I don’t like the idea of making an assumption as to what most people might be thinking, feeling, or even understanding… how should I know what most people don’t understand?! I don’t know most people, in fact, I know very few people on such a personal level that I would feel remotely confident in answering for them.
Anytime that I assume what another thinks and feels, or worse yet, what kind of person they are without first getting to know them… well, it’s like flirting with disaster!
With that said, I’ll pass on this prompt, but not without leaving you some cookies…
I feel more confident in guessing that you’ll want one.
Manufacturers of everything baby safe have made it nearly impossible for adults to open the thing not meant for a baby to touch… you know, pill bottles or doors or packages, etc.

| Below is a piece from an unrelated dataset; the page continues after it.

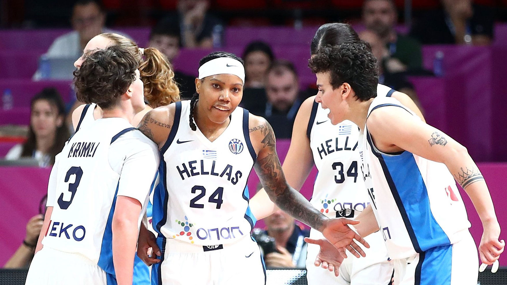 ΕΛΛΑΔΑ (21/44 δίπ., 7/21 τρ., 24/29 β., 43 ρ. –30 αμυντικά – 13 επιθετικά–, 27 ασ., 13 κλ., 1 μπλοκ, 13 λ., 13 φάουλ): Κριμίλη 8 (1 τρ., 6 ασ.), Μποσγανά 14 (1/3 δίπ., 3/6 τρ., 3/4 β., 5 ρ., 2 ασ.), Παυλοπούλου 5 (1 τρ., 5 ασ.), Νικολοπούλου 1, Λούκα 2 (4 ρ.), Σπανού 6 (5 ρ., 6 ασ., 4 κλ.), Χατζηλεοντή 4 (4 ρ.), Χριστινάκη 12 (3/4 δ., 1/1 τρ., 3/4 β.), Παρκς 14 (4/9 δίπ., 1/2 τρ., 3/3 β., 6 ρ., 3 ασ.), Χαιριστανίδου, Φασούλα 21 (7/12 δίπ., 7/8 β., 6 ρ., 4 ασ.), Καρλάφτη.

Don’t get me started on those baby gates… sheesh!
Ahhh… the joyful memories of trying to open a door with one of those safety covers, while your arms are full of either laundry or toys or I don’t know… a sleeping baby!
So, yeah… there’s that!
It probably goes further than just childproof stuff, if I’m being fully. Most likely, we’ve probably all dropped food on the floor, at one time or another, due to a failed attempt at opening the wrapper. I know you don’t want to admit it, but you know it’s happened!
So yeah, I want to be skilled in the opening of all things childproof, and I think I’m onto something, in this regard. To be a ninja, one must practice and train constantly, which in turn uses up ones energy, making them hungry, right!? What if we put superfood for the brain into our favorite meals and snacks? I’ve already begun field testing, but I could sure use some outside opinions, just to be sure that I’m on the right track.
Here, try one of these magic safety cookies…
Let me know if they work, or if there are any side effects to make note of, like itchy feet… not that there’s anything to be concerned about, at least, I don’t think so.
Seriously, if I could spend all of my waking hours simply writing and telling stories for others… I would do it in a heartbeat!
I think that I was born to write, regardless of whether it ever goes anywhere, career wise. For me, the value isn’t in the paper that the book might be printed on. When I live by God’s daily provision, I don’t feel the pressure to make it big in the dollar department. My desire is to collect hearts and minds for my Creator, over the accumulation of worldly goods. Now that I’ve given you that goofy disclaimer about my motives, I’m hoping you’re following my line of thinking when I use writing as my answer to the prompt.
Every day, I do an immense amount of several things, talking being one of the biggest. I pray/talk to God, sing, and wear my poor husbands ears out with all my chatty antics. I read all the time, and yes, I write… a lot! But what I don’t get to do nearly enough is give all those writings a voice… you know, read them out loud to kids. Is it selfish to wish for laughter, smiles and happy hearts when I read my stories to little ones… maybe it is. But when the result is love for all involved, how can that be so bad.
Since God hasn’t told me otherwise, Imma just keep writing and weaving dreams, like I’ve been doing. Bur if I get a chance to do it more than I’m already doing, I won’t be wasting any chances to do it… just sayin!